Quant aux actionnaires d'Alcatel-Lucent, ils peuvent selon lui espérer profiter à l'avenir de la politique généreuse de redistribution des bénéfices en vigueur chez Nokia.

La réunion a surtout offert à la direction de Nokia l'occasion de mettre en avant une ambition renouvelée. Les deux groupes doivent redorer un blason terni par des années de difficultés financières.

« Non seulement nos portefeuilles sont fortement complémentaires, mais nos cultures respectives ont beaucoup de similitudes », a déclaré M. Suri à ses actionnaires.

Son groupe, après avoir perdu en 2012 sa place de numéro un mondial des téléphones portables, a vendu deux ans plus tard cette activité qui avait fait sa renommée. Le bon prix qu'il en a tiré (7,7 milliards $ CAN) a assaini ses finances, et il concentre aujourd'hui ses forces sur un secteur où il est un compétiteur redouté : la fourniture de logiciels et de services dans les télécommunications.

Le groupe fusionné vise près de 25 milliards d'euros (35 milliards $ CAN) de chiffre d'affaires.

Alcatel-Lucent, issue d'une fusion dont les résultats ont déçu, avec une seule année de bénéfices depuis 2006, apporte un portefeuille d'activités et clients complémentaire, notamment en Amérique du Nord.

Force de frappe

Dès qu'elle a été annoncée, en avril, la fusion a été saluée par les analystes financiers. Pour eux, Nokia et Alcatel-Lucent gagneront en force de frappe face aux deux autres poids lourds de cette industrie, le suédois Ericsson et le chinois Huawei.

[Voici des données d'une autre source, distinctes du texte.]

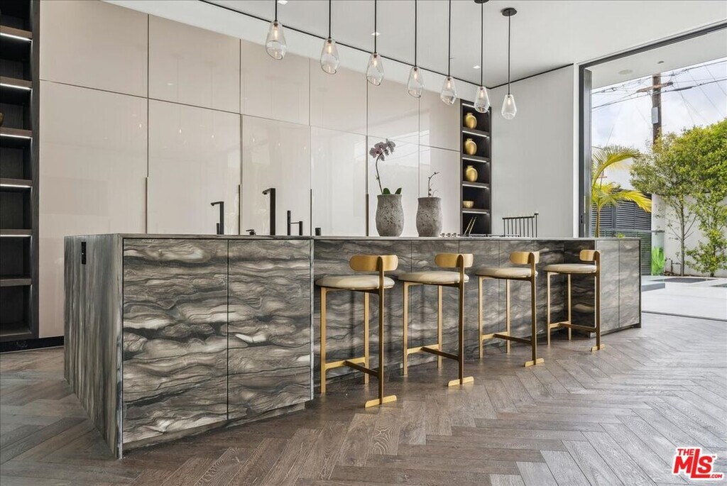 Fully Furnished! Discover this stunning modern estate in Beverly Hills, a privately gated architectural marvel that pairs striking contemporary design with turnkey convenience in one of the world's most glamorous cities. Immaculately designed and fully furnished by the renowned SIA Architects firm, every detail has been thoughtfully considered to create a seamless blend of beauty and comfort. Behind secure gates, soaring ceilings and expansive Fleetwood sliding doors flood the interiors with natural light, while exquisite custom floors add warmth and refinement. The open floor plan includes a formal dining room and two distinct living areas that extend effortlessly to the pool, barbecue, and outdoor loungeperfect for entertaining or unwinding in style. The gourmet kitchen boasts brand-new Miele appliances, sleek cabinetry, and generous prep space for both casual meals and lavish dinner parties. First-class amenities include a complete camera surveillance network, integrated home alarm system, automated privacy blinds, fireplaces, and comprehensive audio/visual wiring. Dual laundry stationsone upstairs and one in the basementadd convenience for busy households or extended stays. Upstairs, three bedrooms await, including a luxurious master suite with a spacious walk-in closet, spa-like bath, and private patio. A comfortable upstairs lounge offers flexible space for work or relaxation. The expansive basement spans over 2,000 square feet, featuring a full bar, live pond, movie room, game area, decorative wine display, and a private guest suite. Outdoors, the pool and barbecue lounge invite year-round enjoyment under the California sun, while thoughtful landscaping ensures privacy. Just a short stroll from world-class shopping and dining on Rodeo Drive, this extraordinary residence offers the rare combination of seclusion, sophistication, and proximity. Fully furnished and ready for immediate move-in, this is Beverly Hills living at its finest. MLS# 25594209
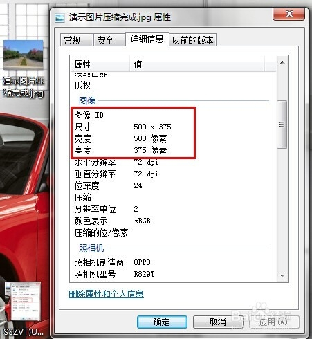 我有一副图片,我们先来看看,压缩之前的大小和尺寸吧。
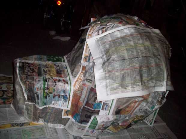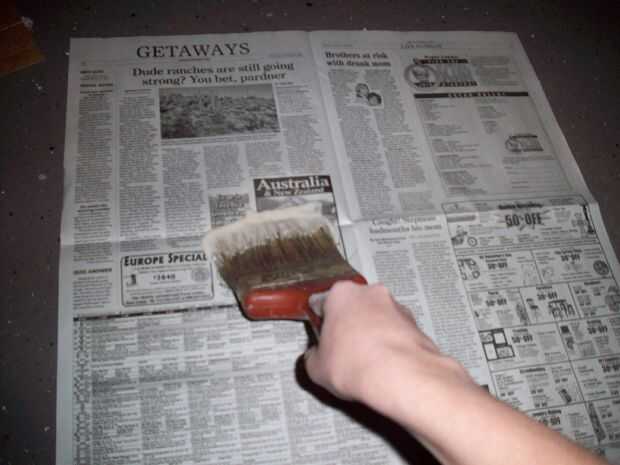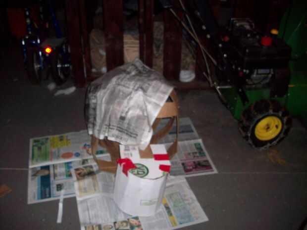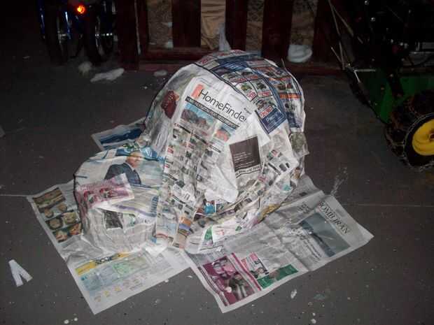 Para el papel maché, tomar una brocha, cepillo sobre el periódico y acople para el casco. Aquí está la receta que usé, que terminó con dos lotes: 2 tazas de harina 2 tazas de agua sal 1 cuchara Si lo desea, podría utilizar una receta más complicada, sino esta trabajado para mí.
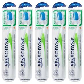 Escova de dente macia multi proteção sensodyne kit x5 Escova macia multi proteção se Cerdas macias. Especialmente desenvolvida para limpeza cuidadosa e suave dos dentes e gengivas. Cabeça oval. Desenvolvida para se adaptar as áreas delicadas dos seus dentes e gengivas fornecendo uma limpeza completa da sua boca. Cabeça pequena, limpeza efetiva até mesmo nas áreas de difícil alcance. Cabo anti derrapante, proporciona uma pegada segura e permite um controle melhor da escovação.
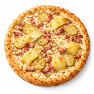 mozzarella, pommes de terre, lardons, fromage à raclette.
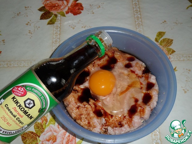 • В чашку к фаршу добавляю яйцо и соевый соус.
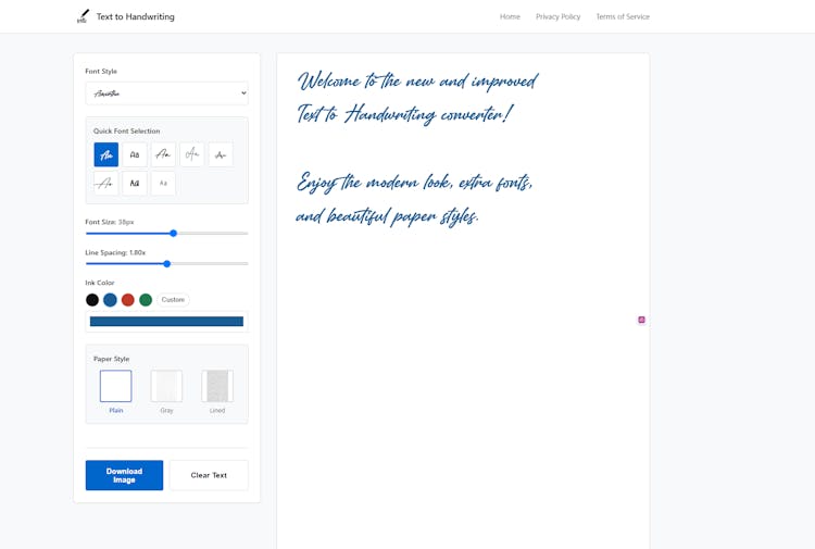 Free Text to Handwriting Converter Online! Transform typed text into realistic handwritten notes instantly. Customize fonts, paper, and ink. Perfect for students & teachers. Try our tool now!
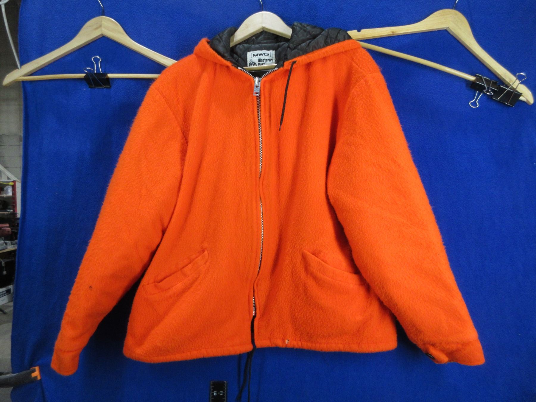 MWG Quilted Jacket - Size Small - Orange - has a small tear on the bottom front
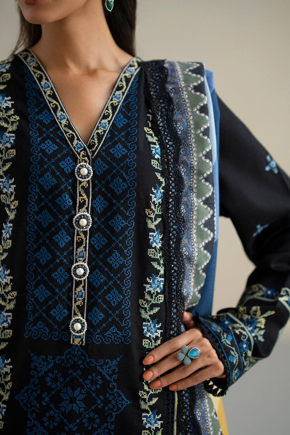 -Embroidered Dyed long slb Karandi Shirt front Center Panel 1 Pc
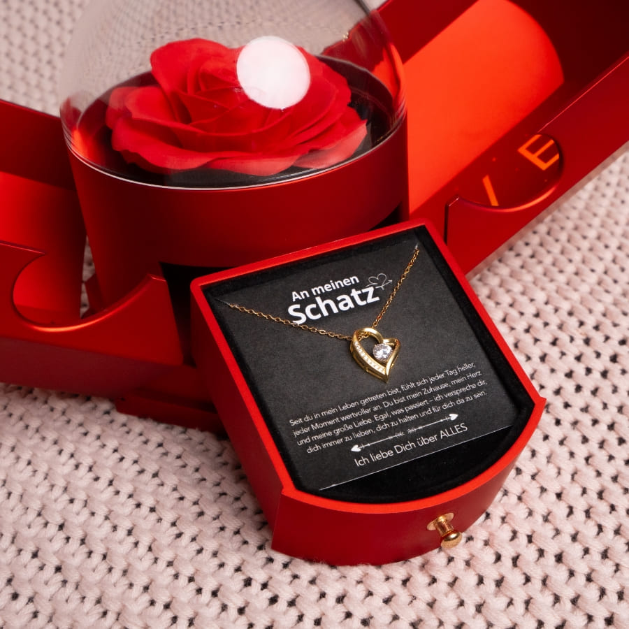 An meinen Schatz – Ewige Rose mit Herzkette & liebevoller Karte
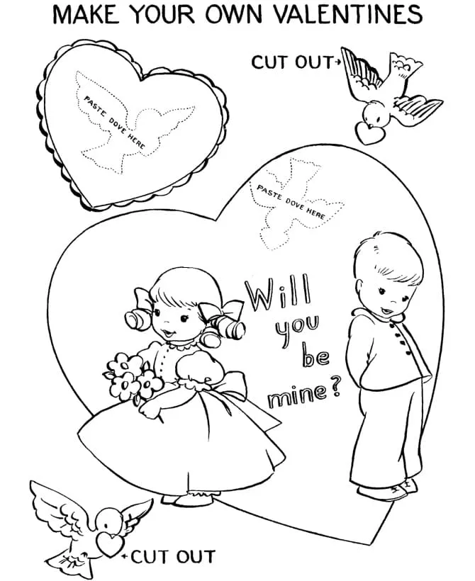 Coloring description : Download Printable Valentine Cut Out Card Coloring Page
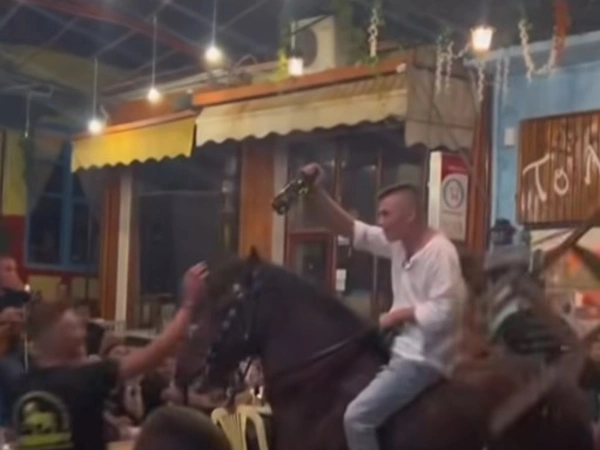 Συγκεκριμένα, στο βίντεο φαίνεται ένας θαμώνας να είναι καβάλα πάνω στο άλογο και να προσπαθεί να χορέψει χτυπώντας το, ενώ κάτω στο πάτωμα διακρίνονται γυαλιά από σπασμένα μπουκάλια. Το άλογο έχει αφηνιάσει, πηδώντας αλλοπρόσαλλα, ενώ ο νεαρός του σφίγγει τα λουριά για να το «κουμαντάρει».
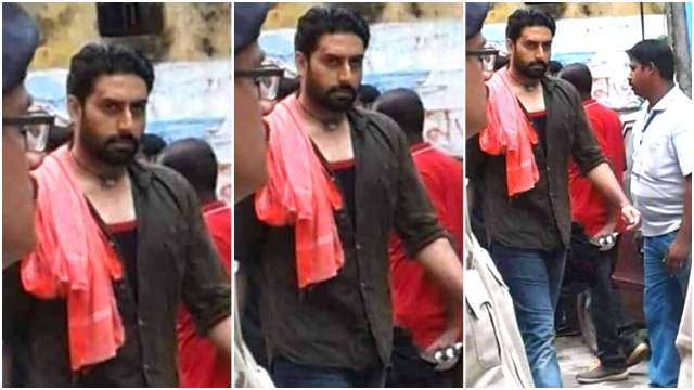 The first pictures of the actor from the sets of the film in Chinsurah, Hooghly have been leaked online and Jr Bachchan's look definitely reminds us of his character of Lallan in Mani Ratnam's Yuva. Especially, that red coloured cloth towel is giving us major deja vu. In these pictures, the actor can be seen enjoying some light moments off the camera.

« À notre avis elle a un sens. Bien sûr chaque transaction présente ses difficultés propres et elle ne sera pas simple, mais il est clair qu'elle apportera l'avantage de la taille », explique Kristian Tammela, analyste de la branche banque privée de Nordea.

Les voix critiques sont venues des syndicats, qui craignent des suppressions d'emploi. Celui des ingénieurs en Finlande a dit redouter les effets du coût nettement supérieur d'un licenciement en France.

M. Suri a assuré qu'il était là pour faire croître le groupe, même s'il ne peut « pas garantir qu'il y aura pas de restructuration ». « J'aime tirer les entreprises vers le haut (...). C'est ce que nous avons tâché de faire avec Nokia Siemens Networks par le passé, qui était au bord du gouffre il y a quelques années », soulignait-il.

Certains actionnaires doutent que tout aille aussi bien que promis. « Ça peut être terriblement difficile, deux grosses entreprises avec une culture différente dans chacune. Comment vont-ils se débrouiller pour les fondre? Ce n'est pas simple du tout », affirmait Reijo Hakonen, retraité finlandais qui avait parcouru 800 km pour être présent dans la capitale.

« Nous garderons la Finlande dans notre ADN », a assuré M. Suri.

Cette acquisition ne sera qu'une des multiples métamorphoses de l'histoire de Nokia, entreprise papetière à l'origine, qui a fabriqué des pneus, des câbles et des téléviseurs, avant de tout miser sur les télécoms à partir des années 1990.